Friday Coasteering

Friday morning coasteering has become a regular event for those members of the Jersey Canoe Club, who are free.  Today it would have been so easy to stay at home, drink coffee and eat cake, with the mist and fog coming and going, interspersed with some heavy rain.
By 9.30 I had run out of excuses so it was time to head to Beauport, one Jersey’s prettiest bays.  It was interesting to see how high the sand was, a reflection of the calmer seas of the last week or so.  The most obvious item in the bay though was part of a large private boat, which was washed up on the pebbles.  There had been a failed salvage operation this week as the authorities attempted to raise the wreck of a 62 foot private boat, that sank last month after hitting a navigational mark.

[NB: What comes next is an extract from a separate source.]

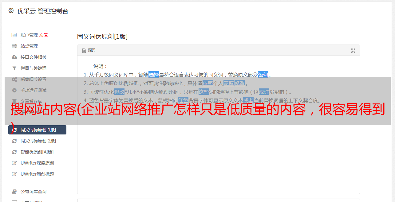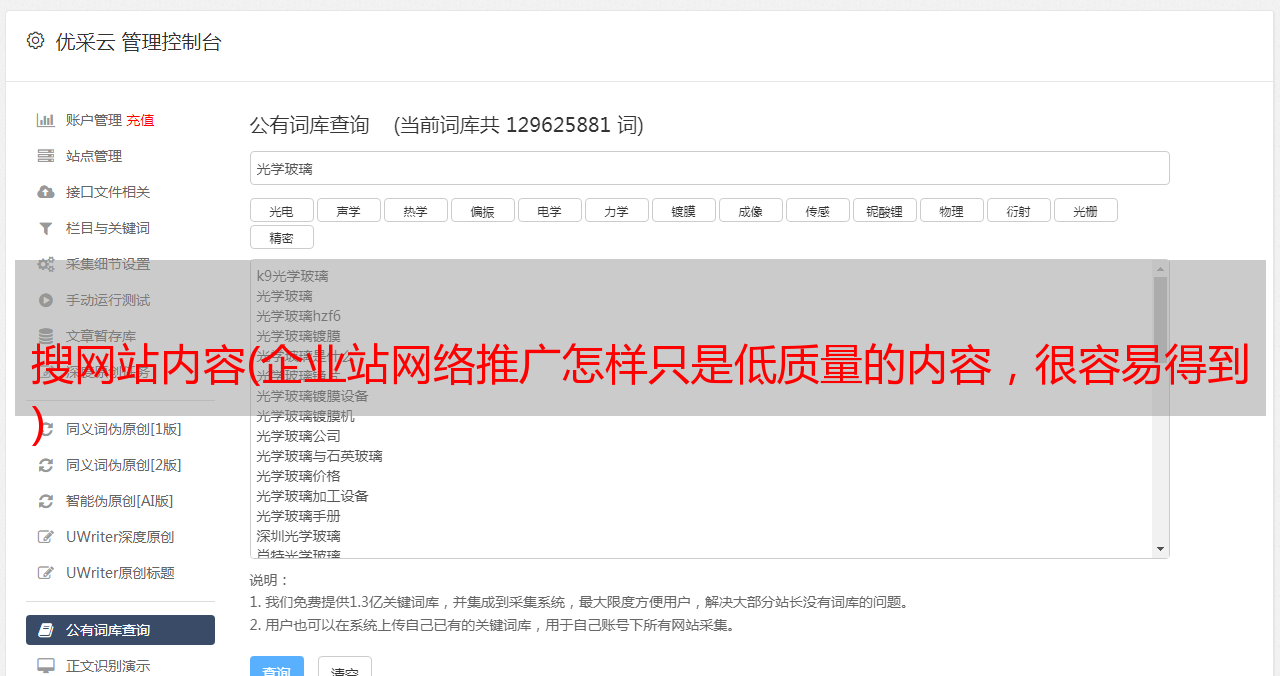 优采云 发布时间: 2021-12-05 22:03搜网站内容(企业站网络推广怎样只是低质量的内容,很容易得到

On what was a day largely without colour we headed along the west side of Beauport, a mixture of swimming and scrambling along the rocks.  We passed underneath the cliffs, which mark some of the highest jumps on the Island before reaching a section of narrow gullies.  The westerly swell was channeled through the narrow sections creating some entertaining conditions, requiring timing when entering and exiting the water.
The sea temperature was slightly below 10 degrees, and with the rather inclement weather, we limited the coasteering session to 90  minutes.  Climbing up the cliffs and heading off to find a local hostelry with a warm fire.
A pleasant way to spend the last Friday morning before Christmas.
My book “Coasteering: A Practical Guide” is still available from Amazon, for Kindle.

The first thing that we saw on the beach at Beauport was some debris from a 62 foot private boat which struck a navigation buoy in St Aubin’s Bay in November.
The large cliff along the west coast of Beauport. There are a couple of very large jumps off this cliff but they were for another day.
This photograph was taken a few years ago. It shows Chris jumping off the small nose of rock protruding from the middle of the cliff in the photograph above. The jump was about 25 metres high that particular day, which is why people don’t jump it that frequently.
What is great about this section of coast is that there is plenty of rock scrambling followed by some limited distance swims. A great combination for a Friday in December when the sea temperature is just below 10 degrees.
Jim crossing one of the gully’s to the west of Beauport. There was some movement because of the swell. Timing was pretty important.